Sur le plan architectural, la maison de la famille abrahamique atteint certainement un équilibre entre les trois religions qu'elle représente, et les responsables d'Abu Dhabi présentent le complexe comme une incarnation des idéaux de tolérance énoncés dans le « Document sur la fraternité humaine pour la paix mondiale et le vivre ensemble », qui a été signé en 2019 à Dubaï par le pape catholique François et Cheikh al Tayyeb, grand imam d'Al Azhar, la plus ancienne université islamique d'Égypte.

"La Maison de la famille abrahamique est une extension de la vision de feu Cheikh Zayed, qui a fondé les Émirats arabes unis sur les valeurs de coexistence pacifique et de dialogue ouvert", a écrit Mohamed Khalifa Al Mubarak, président du Département de la culture et du tourisme d'Abou Dhabi, dans un réponse par courrier électronique aux questions écrites, ajoutant que "l'idée a été conçue après la signature du document sur la fraternité humaine en 2019 et s'inspire des principes énoncés dans ce document, qui a ouvert la voie à une plus grande humanité et acceptation".

Cependant, d'éminentes organisations de défense des droits de l'homme, telles que Human Rights Watch et Amnesty International, attaquent les Émirats arabes unis pour avoir violé les valeurs mêmes de tolérance et d'humanité que la Maison de la famille abrahamique est censée représenter. Dans cette optique, le monument commence à ressembler davantage à une dissimulation élaborée de relations publiques.

En effet, dans son rapport annuel 2022, Human Rights Watch déclare : « Les autorités des Émirats arabes unis (EAU) ont continué d'investir dans une stratégie de soft power visant à présenter le pays comme une nation progressiste, tolérante et respectueuse des droits.

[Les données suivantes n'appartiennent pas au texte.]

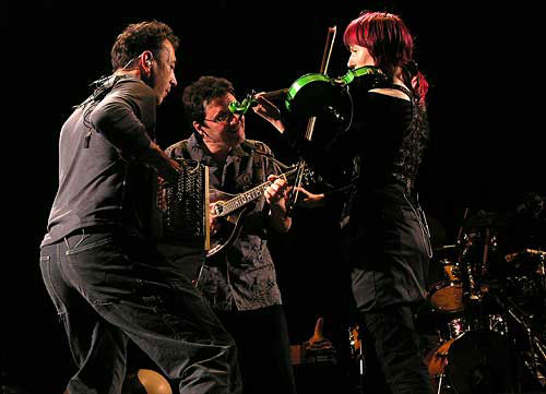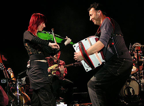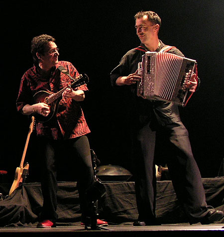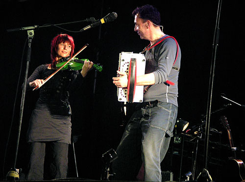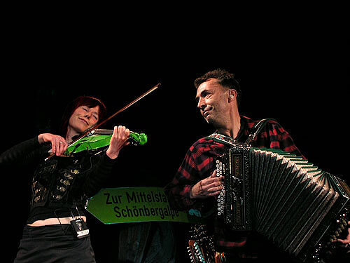 Mit der Hilfe seiner ausgezeichneten Band - Max Lässer (Gitarren), Arnulf Lindner (Bässe), Bernd Bechtloff (Schlagwerk/Geräusche) - setzt er seine Vorstellung dieser Tradition konsequent auch auf der Bühne um - ja, die Lieder wirken sogar noch intensiver, gehaltvoller, sind stimmiger. Nicht zu vergessen natürlich Monika Drasch (Ex-Bairisch Diatonischer Jodelwahnsinn), die mit ihrer grünen Geige, dem lila Dudelsack und mit ihrer facettenreichen Stimme ein eindrucksvolles Gleichgewicht zu Hubert von Goisern darstellt.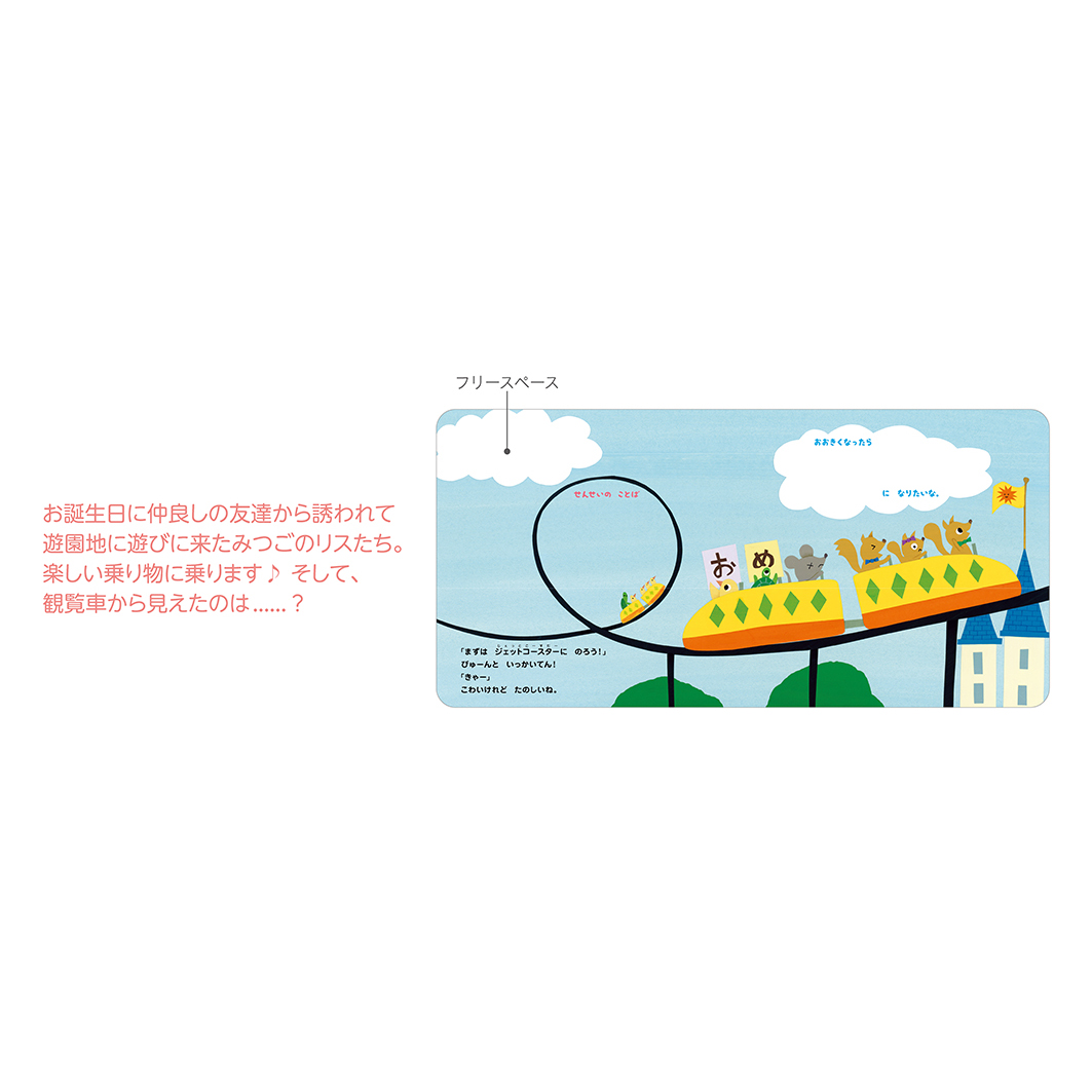 - お誕生日に仲良しの友達から誘われて遊園地に遊びに来たみつごのリスたち。楽しい乗り物に乗ります♪そして、観覧車から見えたものは……?

Le rapport décrit comment le pays est tout sauf, détaillant une longue liste d'abus qui comprend la persécution des chiites pakistanais (qui diffèrent de la religion sunnite majoritaire pratiquée par les citoyens des Émirats arabes unis), l'emprisonnement et les mauvais traitements des dissidents politiques, ainsi que la criminalisation et l'oppression. des personnes LBGTQ. Un autre rapport accablant de plusieurs organisations européennes de défense des droits de l'homme intitulé "Ils nous ont dit qu'ils détestaient les Noirs africains" documente la détention, la torture et l'expulsion présumées de plus de 800 travailleurs migrants africains sur une période de plusieurs jours en 2021.

Adjaye, dont l'exposition à la Biennale de Venise 2023 met l'accent sur un récit postcolonial et présente son modèle pour le Newton Enslaved Burial Ground Memorial à la Barbade, n'a pas répondu aux questions de suivi sur les droits de l'homme et les conditions de travail sur l'île de Saadiyat. Cependant, compte tenu des graves violations des droits de l'homme qui auraient lieu aux Émirats arabes unis aujourd'hui, la maison de la famille abrahamique semble être un exemple de plus de la stratégie de puissance douce de la nation, renforçant davantage sa réputation auprès des élites occidentales, plutôt qu'une manifestation d'une réelle tolérance ou réforme. . Même l'affirmation selon laquelle le complexe établit une sorte de « terrain d'entente » est farfelue. Il est situé sur une île de villégiature qui s'adresse aux ultra-riches, un monde loin des camps de travailleurs migrants qui abritent les ouvriers du bâtiment sous-payés.